Bioluminescence is the process whereby light is produced by enzyme-mediated chemical conversion of a substrate, usually through an intermediate highly energized state. Luciferases/luciferins fall into many unrelated classes with different evolutionary origins. The most notable example is firefly luciferase, with other examples including luciferases from bacteria and a variety of marine organisms, such as sponges, corals, jellyfishes, clams, and a few types of fish ^17,18,19. For luciferases to be useful as mammalian reporters they have to meet certain criteria, including broad emission spectrum, ideally with a significant red component, and high quantum yield without the intracellular accumulation of their substrates to allow real-time monitoring of enzyme expression. Here we describe the properties of the humanized form of Gaussia luciferase, which demonstrates high level expression in mammalian cells.

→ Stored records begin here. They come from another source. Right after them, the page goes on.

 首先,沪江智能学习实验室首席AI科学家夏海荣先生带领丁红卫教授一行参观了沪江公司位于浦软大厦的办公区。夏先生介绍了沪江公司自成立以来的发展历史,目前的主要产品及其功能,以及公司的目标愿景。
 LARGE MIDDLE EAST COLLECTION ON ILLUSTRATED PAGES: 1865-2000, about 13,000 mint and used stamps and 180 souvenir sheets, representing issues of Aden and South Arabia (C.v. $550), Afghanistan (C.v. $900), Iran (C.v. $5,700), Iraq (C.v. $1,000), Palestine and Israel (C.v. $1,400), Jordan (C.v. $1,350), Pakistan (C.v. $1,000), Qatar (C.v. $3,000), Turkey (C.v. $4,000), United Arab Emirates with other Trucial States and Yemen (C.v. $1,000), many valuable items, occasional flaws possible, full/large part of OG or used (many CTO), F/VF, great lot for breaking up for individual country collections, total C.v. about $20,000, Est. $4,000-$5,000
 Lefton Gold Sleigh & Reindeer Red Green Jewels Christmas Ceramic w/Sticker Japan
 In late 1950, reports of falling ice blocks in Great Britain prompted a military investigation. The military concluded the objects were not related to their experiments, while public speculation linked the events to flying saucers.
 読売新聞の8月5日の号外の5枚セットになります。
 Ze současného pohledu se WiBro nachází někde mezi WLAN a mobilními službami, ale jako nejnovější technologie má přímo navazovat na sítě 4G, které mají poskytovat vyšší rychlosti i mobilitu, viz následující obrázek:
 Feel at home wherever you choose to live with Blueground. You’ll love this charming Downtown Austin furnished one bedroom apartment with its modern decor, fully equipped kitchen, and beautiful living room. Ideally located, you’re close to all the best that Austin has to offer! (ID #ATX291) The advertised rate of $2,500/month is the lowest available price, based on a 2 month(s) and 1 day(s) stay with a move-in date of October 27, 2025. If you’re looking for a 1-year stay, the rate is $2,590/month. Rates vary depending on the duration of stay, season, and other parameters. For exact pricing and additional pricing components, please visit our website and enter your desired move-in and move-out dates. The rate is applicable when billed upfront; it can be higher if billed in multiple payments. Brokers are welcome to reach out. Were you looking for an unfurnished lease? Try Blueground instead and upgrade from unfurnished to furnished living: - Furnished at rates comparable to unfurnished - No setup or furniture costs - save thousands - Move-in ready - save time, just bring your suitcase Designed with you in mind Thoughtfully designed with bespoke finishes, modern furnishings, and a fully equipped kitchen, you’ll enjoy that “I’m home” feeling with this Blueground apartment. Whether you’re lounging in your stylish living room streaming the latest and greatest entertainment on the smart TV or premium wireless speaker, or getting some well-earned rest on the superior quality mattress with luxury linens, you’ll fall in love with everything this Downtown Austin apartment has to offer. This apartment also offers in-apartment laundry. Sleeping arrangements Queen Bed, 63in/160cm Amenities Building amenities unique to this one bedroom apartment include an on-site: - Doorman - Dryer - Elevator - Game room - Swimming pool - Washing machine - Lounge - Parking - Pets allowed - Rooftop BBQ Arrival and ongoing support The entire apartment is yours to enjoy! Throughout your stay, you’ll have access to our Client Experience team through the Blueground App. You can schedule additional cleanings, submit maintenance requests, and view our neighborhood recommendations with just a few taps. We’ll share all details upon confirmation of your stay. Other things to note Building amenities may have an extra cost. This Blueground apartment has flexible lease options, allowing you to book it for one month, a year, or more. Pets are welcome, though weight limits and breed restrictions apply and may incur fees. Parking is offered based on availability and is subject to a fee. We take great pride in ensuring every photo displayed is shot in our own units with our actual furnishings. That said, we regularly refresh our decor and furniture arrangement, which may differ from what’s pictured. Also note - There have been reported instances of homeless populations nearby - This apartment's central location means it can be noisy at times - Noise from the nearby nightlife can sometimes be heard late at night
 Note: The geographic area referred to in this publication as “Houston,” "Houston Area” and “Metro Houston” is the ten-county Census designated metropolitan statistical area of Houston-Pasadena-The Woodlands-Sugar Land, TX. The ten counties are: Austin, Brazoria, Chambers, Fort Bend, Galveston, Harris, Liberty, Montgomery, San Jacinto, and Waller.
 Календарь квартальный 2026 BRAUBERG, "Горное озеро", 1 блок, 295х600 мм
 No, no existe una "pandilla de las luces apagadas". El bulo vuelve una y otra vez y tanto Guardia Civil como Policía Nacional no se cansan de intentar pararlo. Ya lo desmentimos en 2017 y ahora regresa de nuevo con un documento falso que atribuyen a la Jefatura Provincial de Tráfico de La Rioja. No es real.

Gaussia luciferase cDNA was isolated from a cDNA library using expression cloning and the protein was expressed and purified in quantity from bacterial ferments ¹⁵. This enzyme is 188 aa in length and encoded in a cDNA of 555 bp and has been humanized (Nanolight, Pinetop, AZ, USA) by codon optimization for mammalian cell expression. Gaussia luciferase has a broad pH optimum with peak activity at 7.7 ¹⁵. Analysis of the gene sequence indicates a secretory signal which is functional in eukaryotes. Our results demonstrate that the hGLuc provides a new tool for bioluminescence imaging in cultured cells and in vivo with a number of useful properties. First, it generates much stronger signal intensity from cells in culture (1000-fold) compared with hRLuc and hFLuc. Second, despite the fact that a substantial portion of hGLuc is secreted, its intracellular bioluminescence from viable cells or cell lysate is still over 100-fold higher compared to hRLuc or hFLuc when expressed under similar conditions with saturating substrate concentration. Third, hGLuc shows 200-fold higher bioluminescent signal intensity than hRLuc and intensity comparable to that of hFLuc in vivo under standard conditions with limiting coelenterazine concentration. Fourth, it is unique among luciferases currently in use as it is secreted. This, in combination with the fact that, like other coelenterazine luciferases, it does not require ATP for activity, allows it to report from cell surroundings as well as cells themselves. Fifth, similar to hRLuc, it can be used in dual bioluminescence imaging modalities with hFLuc, as they use different substrates. Sixth, its short coding sequence makes it suitable for small viral vectors, such as AAV. Further, it should be feasible to generate unique multireporter strategies based on separation of spectral emissions and/or luminescence lifetime of different luciferases. Finally, apart from serving as a good reporter in mammalian cells, hGLuc is very heat stable and strongly resistant to acidic and basic conditions ¹⁵, which should enhance its use in a number of biological applications. Therefore, the introduction of hGLuc as a bioluminescent reporter gene is an important step toward developing a broader array of real-time reporter tools.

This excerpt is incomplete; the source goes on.